Last data update: 2014.03.03

R: Plot a decision tree
plot.C5.0R Documentation

Plot a decision tree

Description

Plot a decision tree.

Usage

## S3 method for class 'C5.0'
plot(x, trial = 0, subtree = NULL, ...)

Arguments

x

an object of class C5.0

trial

an integer for how many boosting iterations are used for prediction. NOTE: the internals of C5.0 are zero-based so to get the initial decision tree you must use trial = 0. If trial is set too large, it is reset to the largest value and a warning is given.

subtree

an optional integer that can be used to isolate nodes below the specified split.
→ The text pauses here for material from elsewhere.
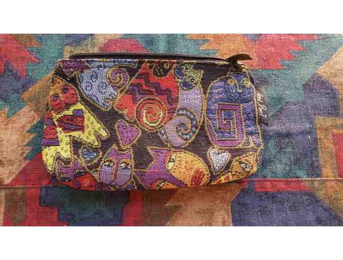Adorable Cat themed, with zippered pouch. Great for makeup, approximately 9 inches width! Gently used.

See [.party for more details.

...

options passed to plot.party

Value

No value is returned; a plot is rendered.

Author(s)

Mark Culp, Max Kuhn

References

Quinlan R (1993). C4.5: Programs for Machine Learning. Morgan Kaufmann Publishers, http://www.rulequest.com/see5-unix.html

See Also

C5.0, [.party

Examples

mod1 <- C5.0(Species ~ ., data = iris)
plot(mod1)
plot(mod1, subtree = 3)


mod2 <- C5.0(Species ~ ., data = iris, trials = 10)
plot(mod2) ## should be the same as above

## plot first weighted tree
plot(mod2, trial = 1)

Results


R version 3.3.1 (2016-06-21) -- "Bug in Your Hair"
Copyright (C) 2016 The R Foundation for Statistical Computing
Platform: x86_64-pc-linux-gnu (64-bit)

R is free software and comes with ABSOLUTELY NO WARRANTY.
You are welcome to redistribute it under certain conditions.
Type 'license()' or 'licence()' for distribution details.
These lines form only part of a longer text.